* _What to do_:
Find the line holding "Rózsaszín robogó - számfestő" in the entries below. Give it again exactly, along with every line after it up to and including the line holding "3、然后到最左边的洞穴将地板拉出来然后按下摇杆。".

* _Source material_:
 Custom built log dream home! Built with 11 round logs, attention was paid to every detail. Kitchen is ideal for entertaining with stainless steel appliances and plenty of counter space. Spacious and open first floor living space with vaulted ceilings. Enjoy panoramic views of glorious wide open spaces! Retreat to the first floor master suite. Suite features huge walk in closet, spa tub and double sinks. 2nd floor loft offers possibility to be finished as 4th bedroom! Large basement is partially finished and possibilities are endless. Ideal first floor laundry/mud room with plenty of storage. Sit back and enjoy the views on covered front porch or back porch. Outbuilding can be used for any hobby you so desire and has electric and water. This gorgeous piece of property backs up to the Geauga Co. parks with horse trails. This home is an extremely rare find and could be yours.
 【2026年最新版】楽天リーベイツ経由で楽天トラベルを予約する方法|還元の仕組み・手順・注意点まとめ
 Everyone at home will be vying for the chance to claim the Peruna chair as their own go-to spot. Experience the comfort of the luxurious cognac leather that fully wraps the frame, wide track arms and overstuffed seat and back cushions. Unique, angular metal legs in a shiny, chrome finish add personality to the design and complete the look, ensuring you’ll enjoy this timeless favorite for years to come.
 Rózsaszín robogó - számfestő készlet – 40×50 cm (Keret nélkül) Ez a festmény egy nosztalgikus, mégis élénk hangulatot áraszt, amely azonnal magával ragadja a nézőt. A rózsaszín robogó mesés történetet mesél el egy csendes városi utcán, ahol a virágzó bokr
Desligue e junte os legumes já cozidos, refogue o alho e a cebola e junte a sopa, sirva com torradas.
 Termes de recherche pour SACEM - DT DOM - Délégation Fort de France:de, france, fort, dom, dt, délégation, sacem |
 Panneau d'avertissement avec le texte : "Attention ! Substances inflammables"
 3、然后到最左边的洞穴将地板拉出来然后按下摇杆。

* * *

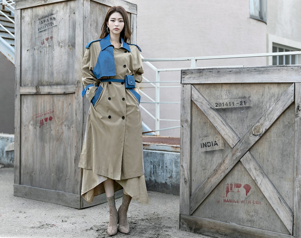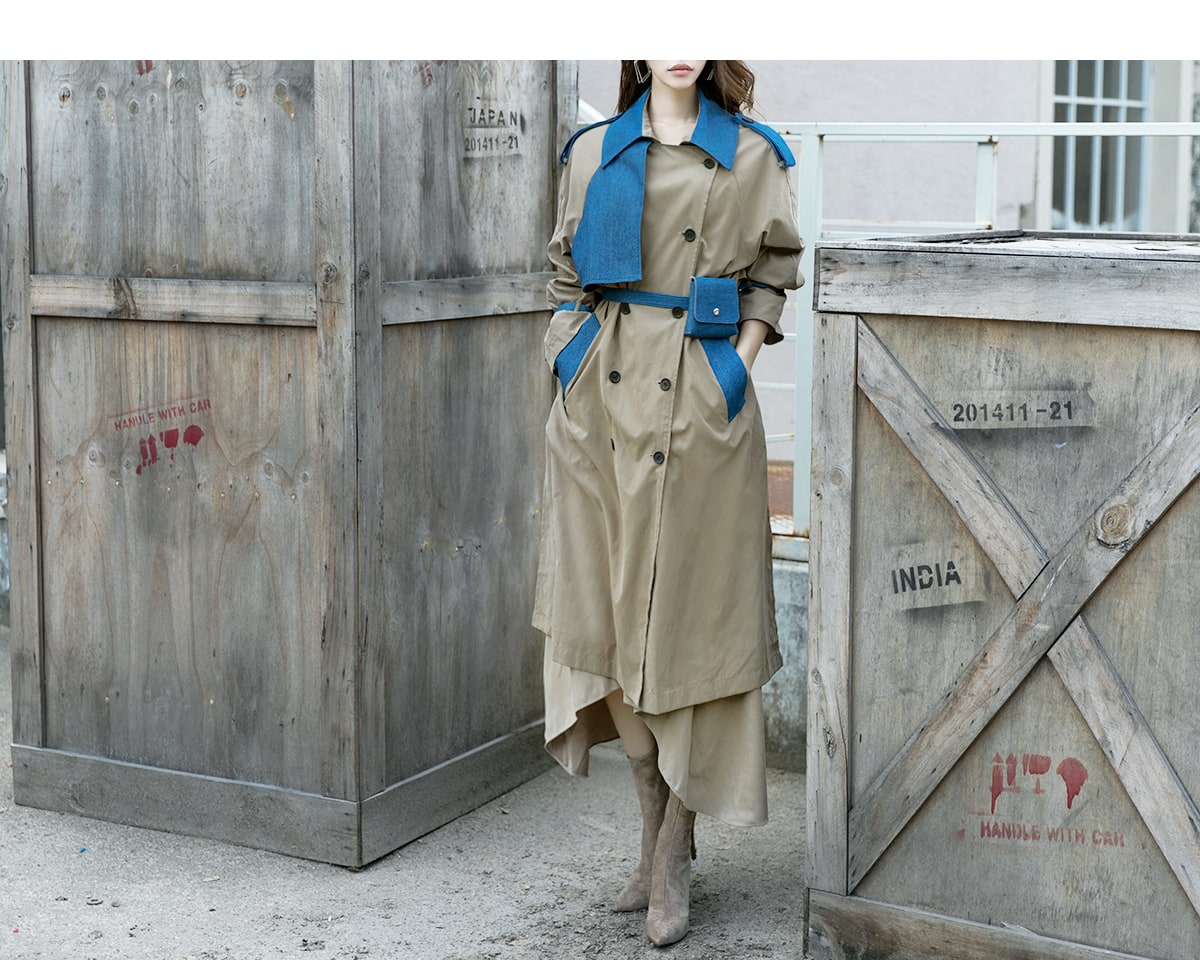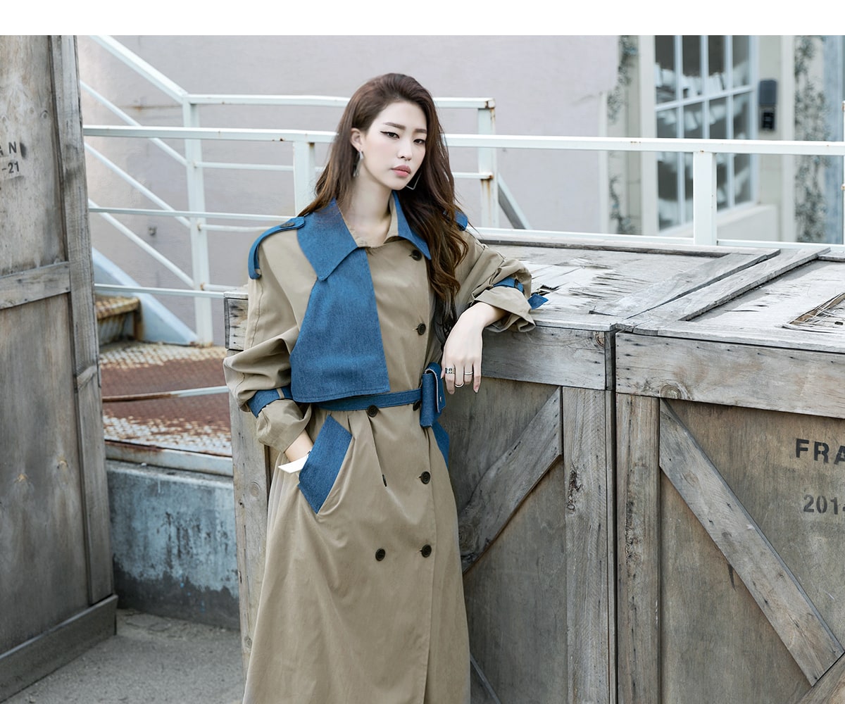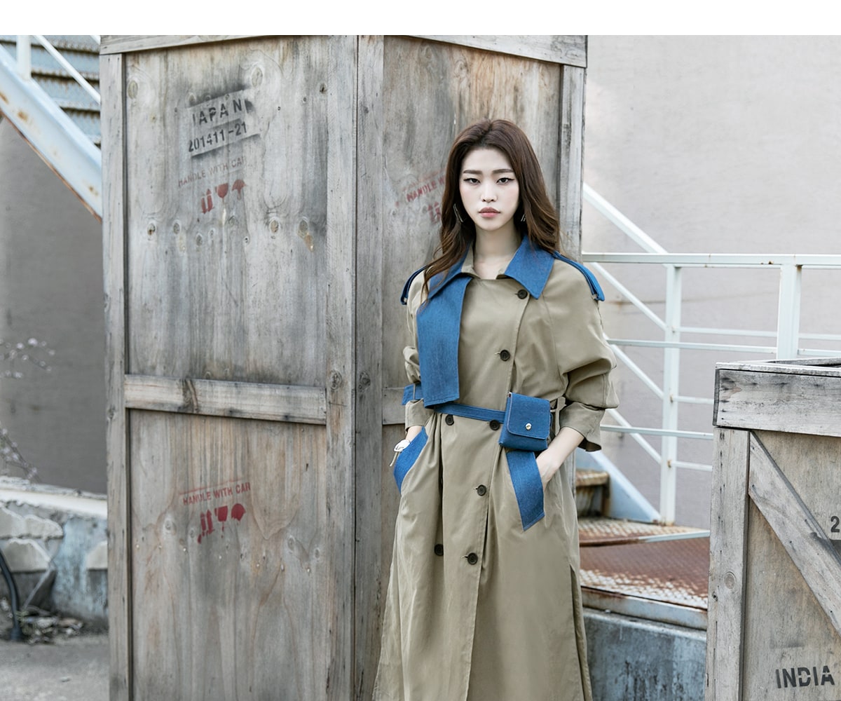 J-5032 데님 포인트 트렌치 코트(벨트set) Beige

* _Task response_:
 Rózsaszín robogó - számfestő készlet – 40×50 cm (Keret nélkül) Ez a festmény egy nosztalgikus, mégis élénk hangulatot áraszt, amely azonnal magával ragadja a nézőt. A rózsaszín robogó mesés történetet mesél el egy csendes városi utcán, ahol a virágzó bokr
Desligue e junte os legumes já cozidos, refogue o alho e a cebola e junte a sopa, sirva com torradas.
 Termes de recherche pour SACEM - DT DOM - Délégation Fort de France:de, france, fort, dom, dt, délégation, sacem |
 Panneau d'avertissement avec le texte : "Attention ! Substances inflammables"
 3、然后到最左边的洞穴将地板拉出来然后按下摇杆。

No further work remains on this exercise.